Oak Park ranks among the most conscientious municipalities in the region when it comes to diverting materials away from landfills and into recycling.
But many Oak Parkers also are guilty of a common practice that is driving up costs and driving down the value of the community’s curbside recycling program — putting single-use plastic bags into their blue carts.
It’s not that single-use plastic bags can’t be recycled into new materials. They just require a different collection system and processing equipment that few curbside recycling programs — including Oak Park’s — can provide.
Clean plastic bags should be returned to grocery stores and big-box retailers that collect them for proper recycling.
Using plastic bags to collect and carry your recyclables to the bin is okay, too, so long as you empty them into the recycling bin and then put the bag with those going to retailers, or toss the bag into the regular trash.
So what happens to those plastic bags so many of us toss into the recycling bin when they make it to the plant that processes Oak Park’s residential recycling?
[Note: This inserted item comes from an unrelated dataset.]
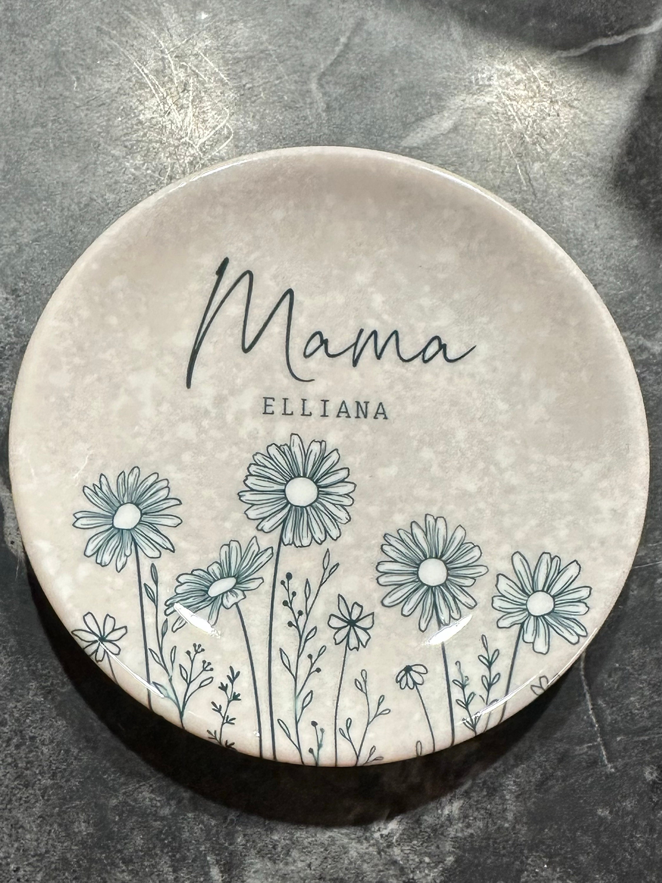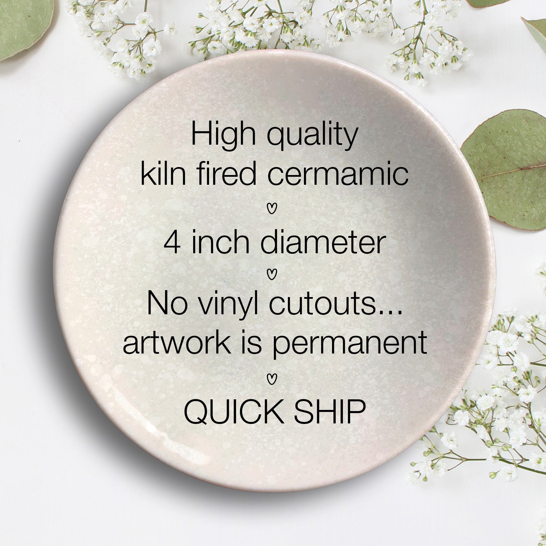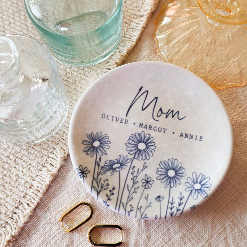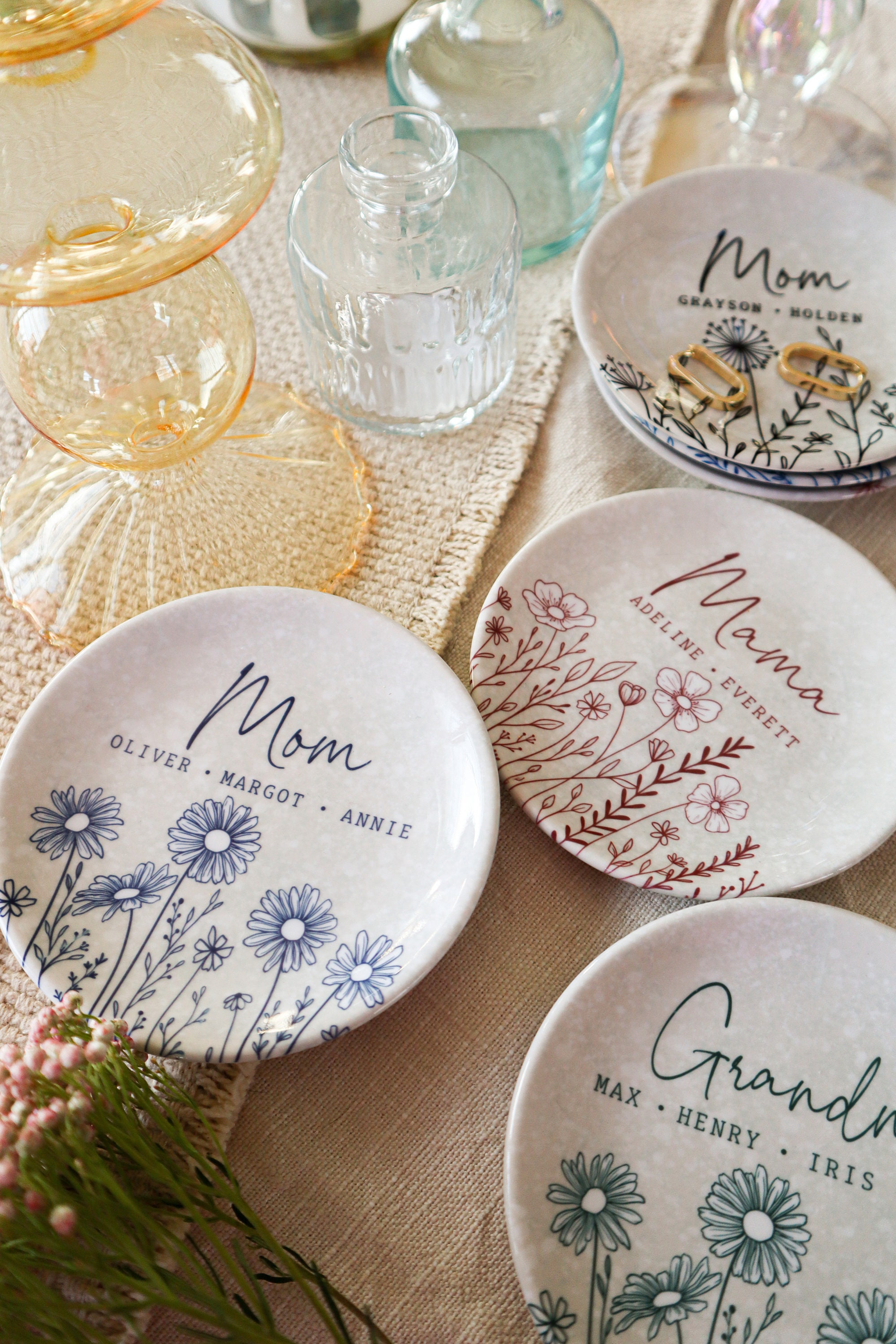 Personalized Wildflower Ring Plates are the perfect gift for Mom, Grandma, and new moms. Our ceramic jewelry plates are high quality and instantly become heirlooms. You can personalize your ring plate with names, titles, colors, and wildflower patterns. Each ring plate is fired in our studio kiln in Pennsylvania.

Most likely, they will end up wrapped around equipment, bringing the processing line to a halt and requiring workers to remove the bags by hand in a harrowing experience that sometimes occurs multiple times a day.
The bags that don’t jam up the equipment are likely to be caught within the neatly bound bundles of cardboard, bringing down their value for reuse.
Officials are quick to accept that proper recycling can be a challenge, given the vast range of materials that comprise modern product packaging. But just keeping those single-use plastic bags out the blue carts is a major step in the right direction, they say.